Звонок Федя все же прозевал, в кабинете было тепло, не дуло, и он закемарил после полубессонной ночи.

— Федор Степанович, — раздался над ухом ехидный голос шефа, — спать будете дома. У вас телефончик…

Внучек бросился в свой кабинет и снял трубку, но это был не Кондратьев — это звонила жена.

— Почему не выключил ночник в коридоре? — спросила она вместо приветствия. — А счетчик, между прочим, крутится, как карусель.

— Разве? — только и нашелся наш герой.

— «Разве, разве», — передразнила жена. — Выключать надо. — И положила трубку.

Федя тоже опустил трубку на рычаг, уселся за стол и решил к шефу не возвращаться: с минуты на минуту должен был позвонить Кондратьев. Телефон вновь зазвонил, Федя снял трубку и опять услышал голос жены.
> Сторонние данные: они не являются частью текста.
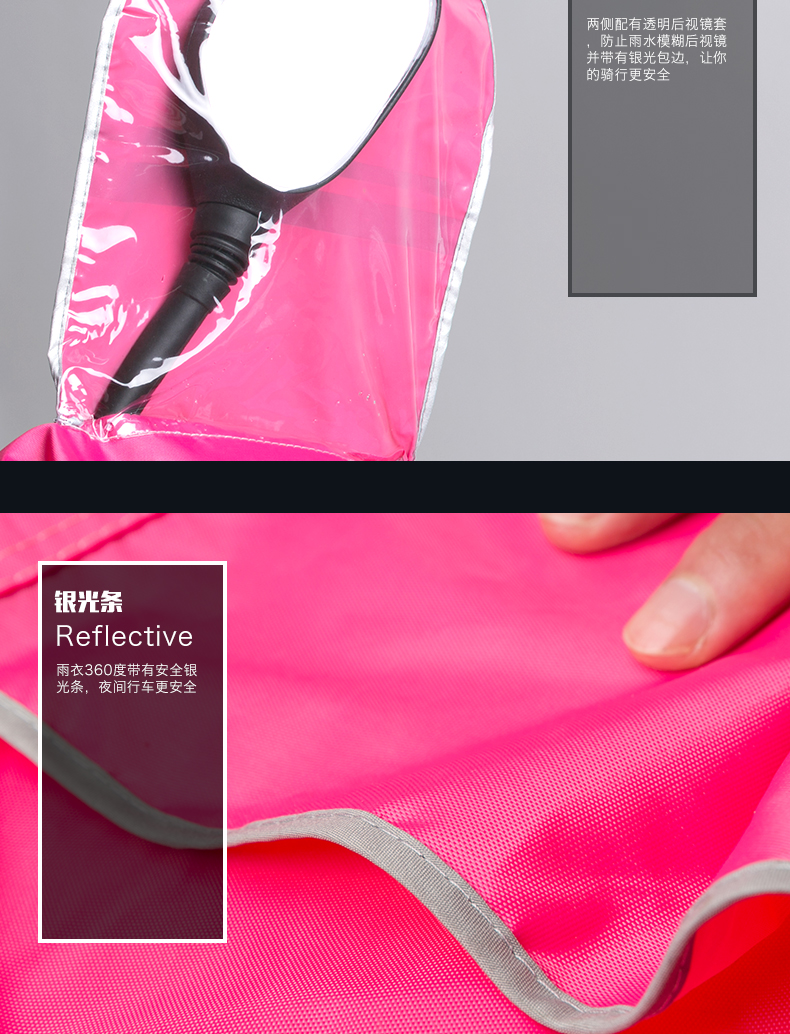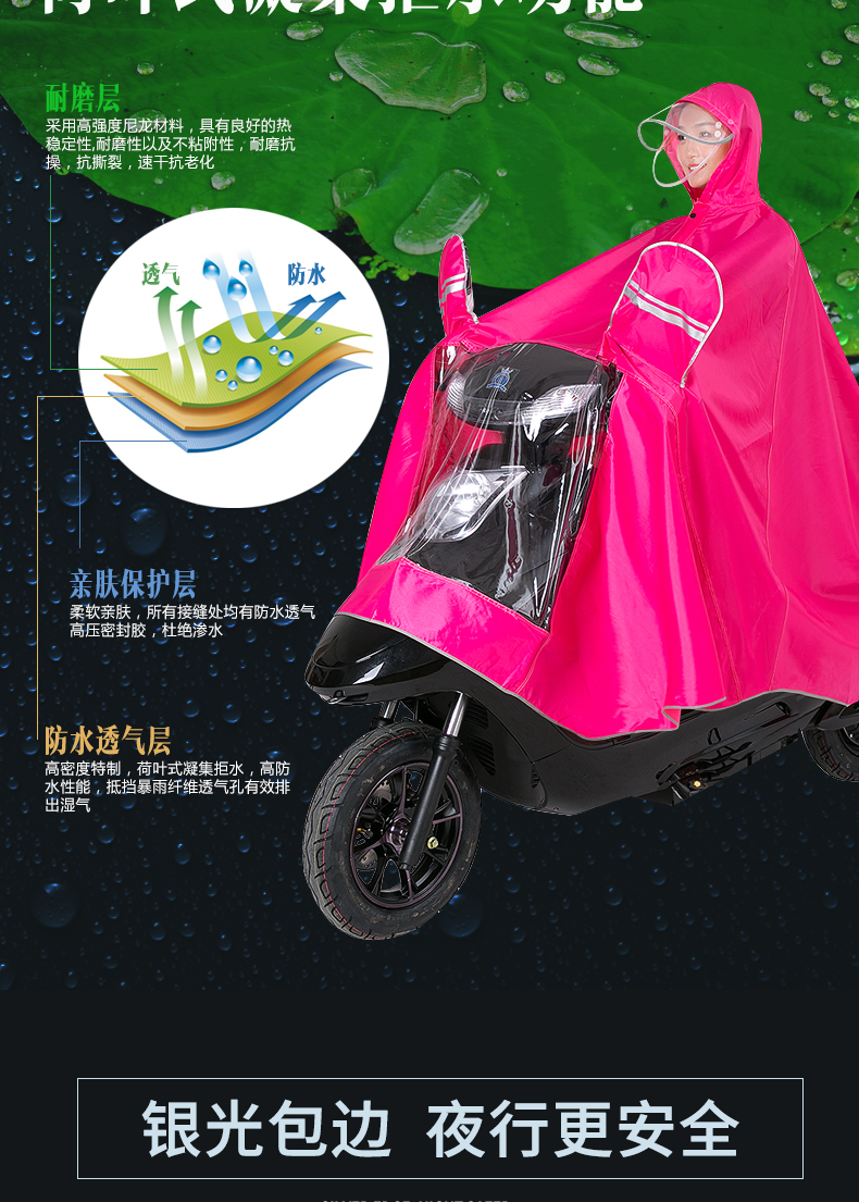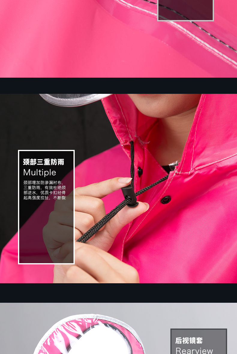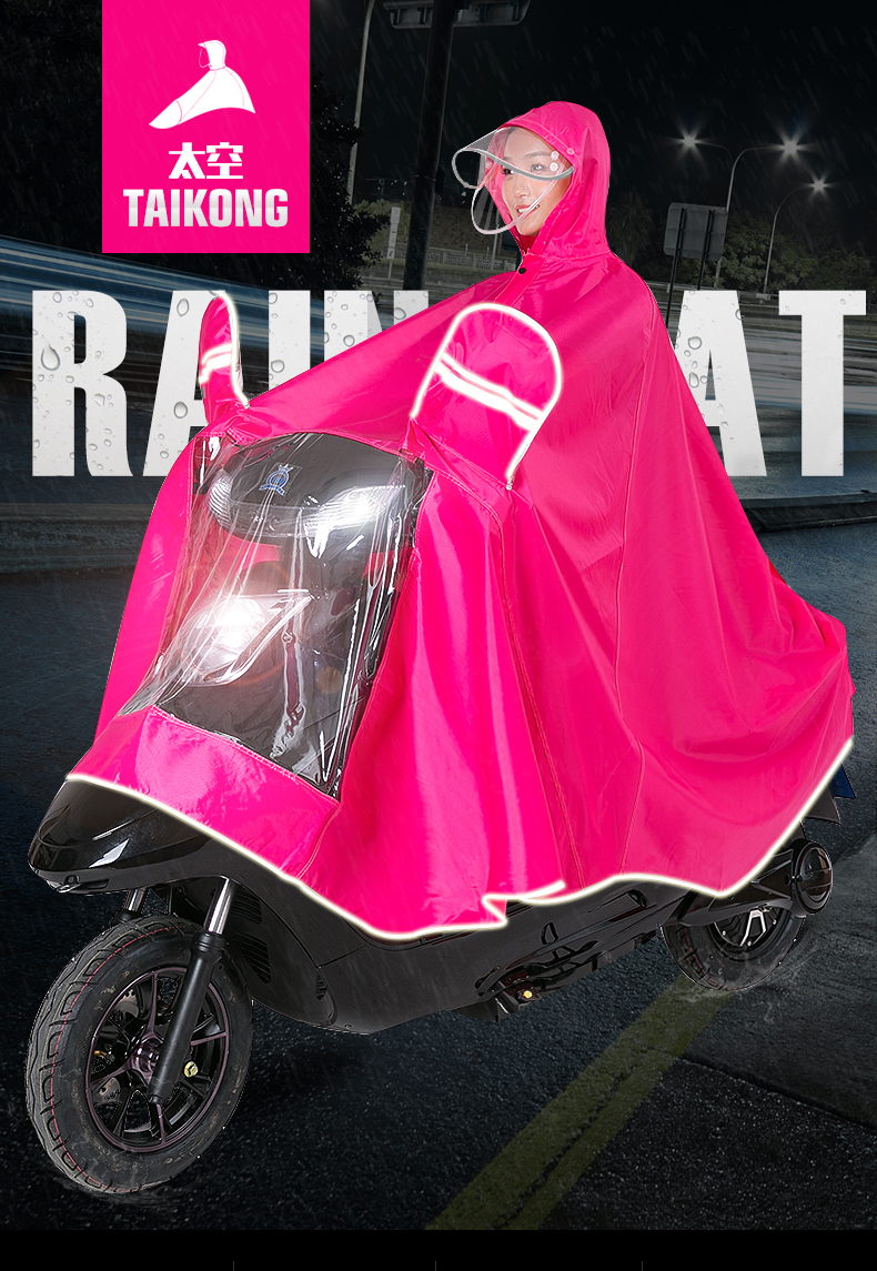 十年专注雨衣。贴心双层面罩设计,全面防雨,高透面罩视线清晰安全;可拆卸~方便戴头盔哦~多色可选,值得信赖!这个雨季,下的再大,都有我陪你。

— Наталья, — сказал он, разозлившись, — ты занимаешь линию, я жду звонка…

— Вот и дождался, — сказала Наталья. — Звонка он ждет… Пинаете там с Карнауховым воздух, и только. Он хоть на базу ездит, а ты вообще неизвестно чем занимаешься…

— Наталья, — заорал Федя, — мне позвонить должны. Если тебе нечего сказать, положи трубку!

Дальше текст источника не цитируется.